→ **EXTRACTED DATA**:
----

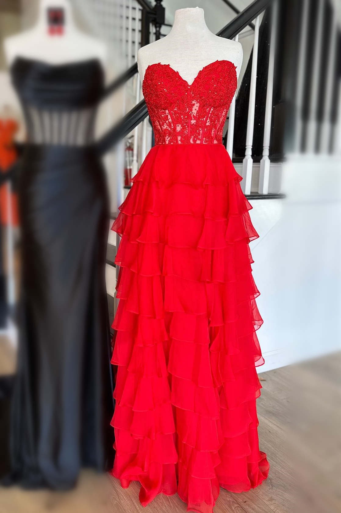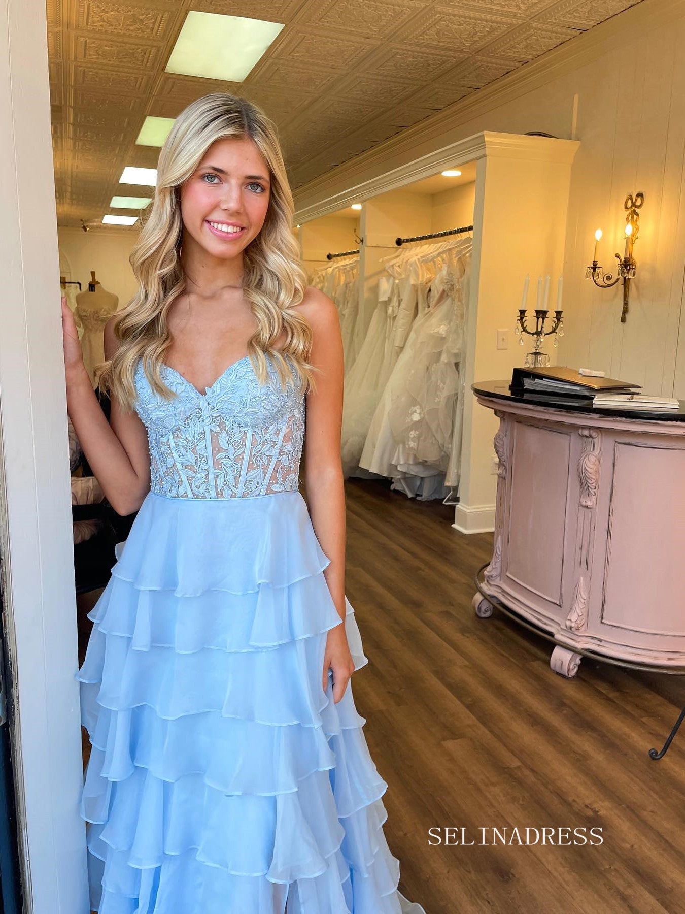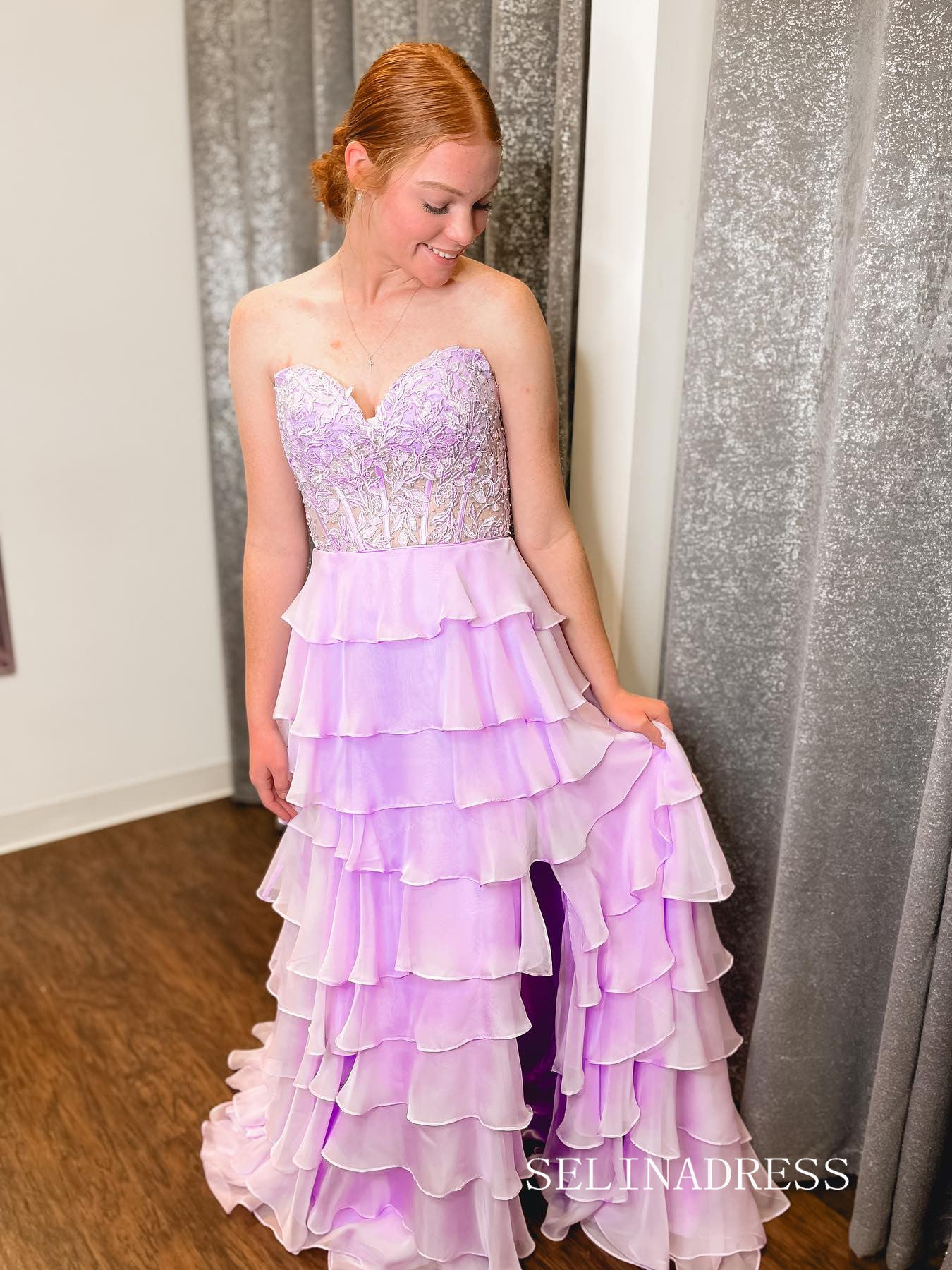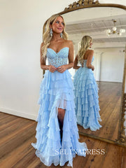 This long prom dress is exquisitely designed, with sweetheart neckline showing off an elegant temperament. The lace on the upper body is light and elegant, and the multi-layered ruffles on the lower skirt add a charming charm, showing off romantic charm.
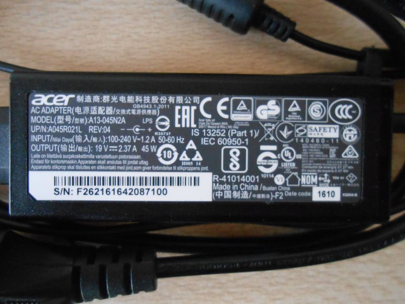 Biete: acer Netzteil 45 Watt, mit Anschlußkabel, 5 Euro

----

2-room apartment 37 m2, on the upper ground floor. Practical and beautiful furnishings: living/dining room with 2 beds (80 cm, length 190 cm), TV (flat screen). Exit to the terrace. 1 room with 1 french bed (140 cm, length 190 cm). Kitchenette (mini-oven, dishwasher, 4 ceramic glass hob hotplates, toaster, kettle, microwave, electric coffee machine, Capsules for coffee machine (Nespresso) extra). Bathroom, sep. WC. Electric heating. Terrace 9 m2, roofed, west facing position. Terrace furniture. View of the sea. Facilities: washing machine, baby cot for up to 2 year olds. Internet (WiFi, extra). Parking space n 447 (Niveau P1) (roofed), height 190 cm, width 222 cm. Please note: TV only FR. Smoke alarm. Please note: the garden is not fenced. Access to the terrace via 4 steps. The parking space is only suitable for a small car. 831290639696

----

Copy exactly the material above from the line with "This long prom" to the line with "Biete: acer Netzteil", ends included, and nothing else. Leave out any picture.

 This long prom dress is exquisitely designed, with sweetheart neckline showing off an elegant temperament. The lace on the upper body is light and elegant, and the multi-layered ruffles on the lower skirt add a charming charm, showing off romantic charm.
 Biete: acer Netzteil 45 Watt, mit Anschlußkabel, 5 Euro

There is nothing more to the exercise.